Venerdì 13 novembre 2015 sembrava una giornata come tante: lavoro, palestra, cena, ma poi il rientro a casa e lo shock quando ho acceso la tv. Attentati a Parigi, orrore, morte, violenza e tutto il resto che è accaduto lo conosciamo molto bene.
In quel momento inizia la mia riflessione su come dovremmo comportarci. Sicuramente non con la violenza, ma purtroppo questo non è accaduto: tutti, compreso il presidente francese, hanno commentato: “Pagheranno per quello che hanno fatto.”

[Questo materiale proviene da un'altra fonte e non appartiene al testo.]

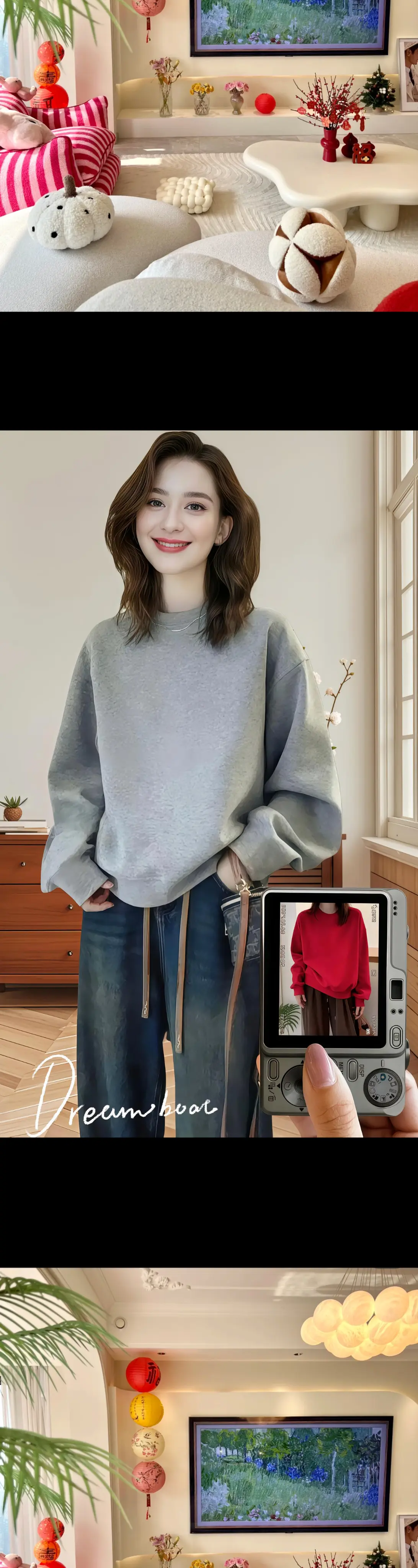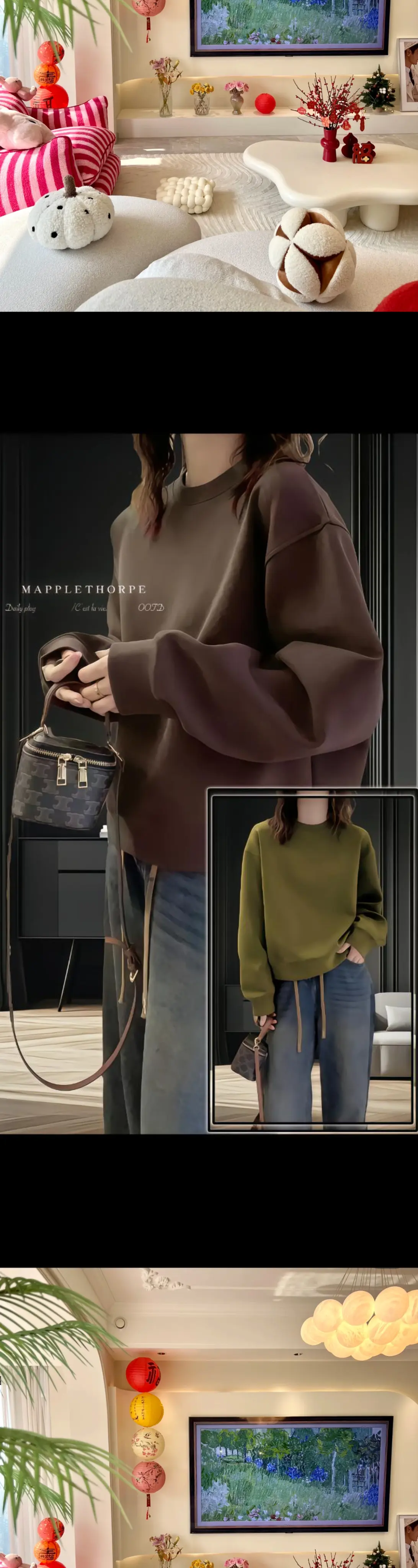 休闲减龄穿搭 这款卫衣内里加绒保暖舒适~不显臃肿,穿上给人的感觉随性松驰感~版型宽松~长度刚刚好~遮肉显瘦~

Ma se rispondiamo con la violenza generiamo violenza. Io da anni oramai sono un’insegnante di yoga. Cosa significa praticare yoga? Lo yoga è l’unione del corpo con la mente, e della mente con l’anima. Lo yoga può essere visto come se avesse tre strati: uno esterno, uno interno e uno ancora più interno, cioè uno fisico, uno mentale e uno spirituale, così come ci descrive Patanjali: “Lo yoga si divide in otto rami e questi 8 otto rami si possono dividere anch’essi in tre gruppi.”
Yama e Niyama, discipline etiche, sociali e individuali
Asana, pranayama e pratyahara, che portano all’evoluzione dell’individuo e alla comprensione del sé.
Dharana, dhyana e samadhi, sono il risultato dei due primi gruppi, facendoci provare l’esperienza della visone dell’anima, ma in quanto tali non sono compresi nella pratica.
Ed è proprio sul primo gruppo che la mia riflessione si fa più grande ed intesa, yama e niyama consistono in quello che si può fare e ciò che si deve evitare per non danneggiare se stessi gli altri e la società.
Niyama ci dice cosa si deve fare per il bene dell’individuo e della società e Yama ci dice cosa si deve evitare per non far danni a qualcuno. Queste sono discipline etiche e sociali che dovrebbero esistere ovunque, ma purtroppo non è così.
Yama ha 5 precetti tutti importanti ma il primo è quello fondamentale: Ahimsa, la non violenza. L’astensione totale dalla violenza del pensiero, della parola e delle azioni. Il più grande maestro in questo è stato il Mahatma Gandhi, che ha risposto ad una guerra con il sorriso, la pace.
Ed è proprio questo che tutti dobbiamo fare oggi, rispondere con gioia, sorrisi e pace. So che è difficile, ma la violenza genera violenza e l’abbiamo visto e sperimentato. Come reagiranno gli attentatori se noi rispondiamo con un sorriso, invece che con la paura? Ve lo siete chiesti?
Come reagiranno se amiamo e aiutiamo, se siamo in pace con quelli di religione musulmana, e capiamo una buona volta che loro non sono tutti terroristi? La cellula impazzita rimarrà spiazzata, non saprà come reagire.
Prendiamo esempio da quello che tanti sapienti scrivevano e hanno sperimentato anni fa. Trasformiamo la rabbia in gioia e la violenza in pace.